WORK TASK:
Transcribe every record verbatim; no pictures.

DATA TO EXAMINE:
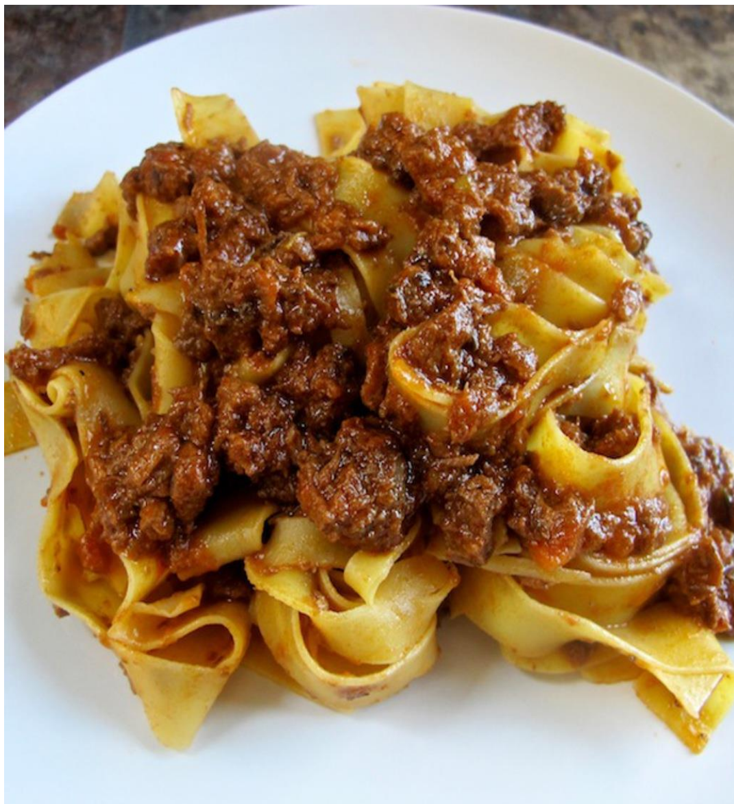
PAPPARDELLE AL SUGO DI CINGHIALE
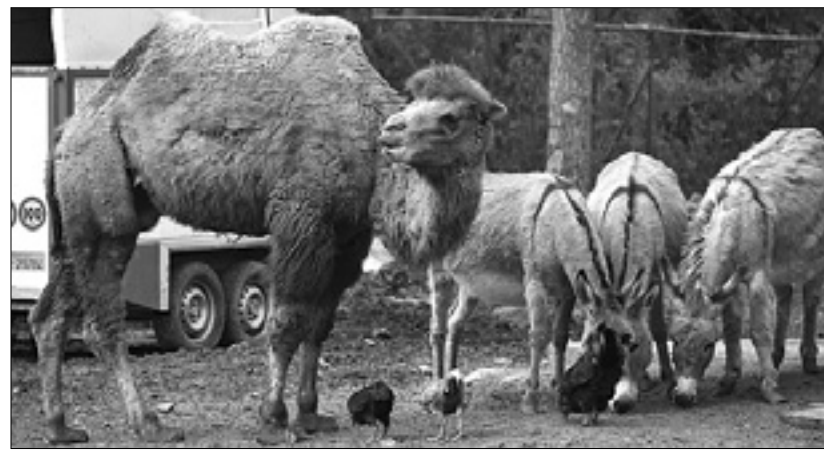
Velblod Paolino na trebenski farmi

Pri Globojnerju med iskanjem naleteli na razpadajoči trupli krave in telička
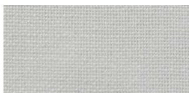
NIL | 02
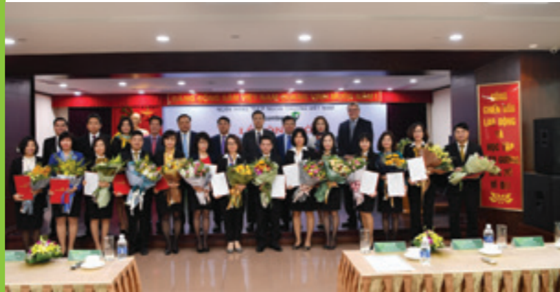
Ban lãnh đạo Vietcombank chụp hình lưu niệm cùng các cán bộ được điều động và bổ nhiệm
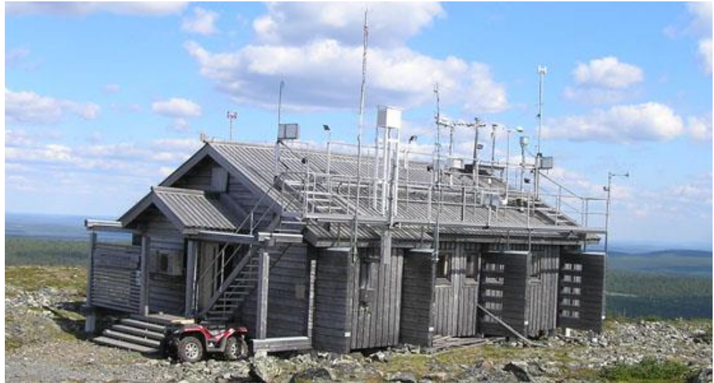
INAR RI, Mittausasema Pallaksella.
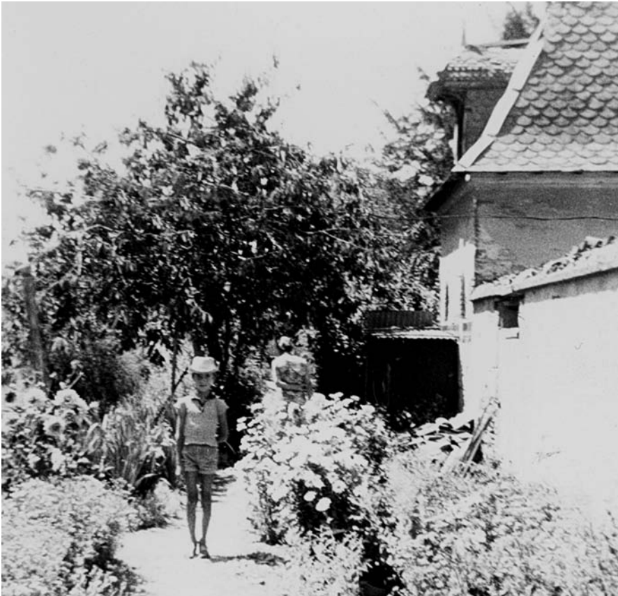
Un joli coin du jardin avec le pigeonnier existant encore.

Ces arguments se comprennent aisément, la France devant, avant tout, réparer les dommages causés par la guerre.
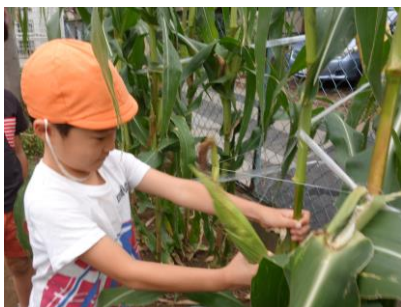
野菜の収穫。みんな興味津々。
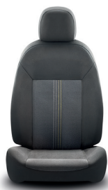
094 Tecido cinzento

SOLUTION TO THE EXERCISE:
PAPPARDELLE AL SUGO DI CINGHIALE
Velblod Paolino na trebenski farmi

Pri Globojnerju med iskanjem naleteli na razpadajoči trupli krave in telička
NIL | 02
Ban lãnh đạo Vietcombank chụp hình lưu niệm cùng các cán bộ được điều động và bổ nhiệm
INAR RI, Mittausasema Pallaksella.
Un joli coin du jardin avec le pigeonnier existant encore.

Ces arguments se comprennent aisément, la France devant, avant tout, réparer les dommages causés par la guerre.
野菜の収穫。みんな興味津々。
094 Tecido cinzento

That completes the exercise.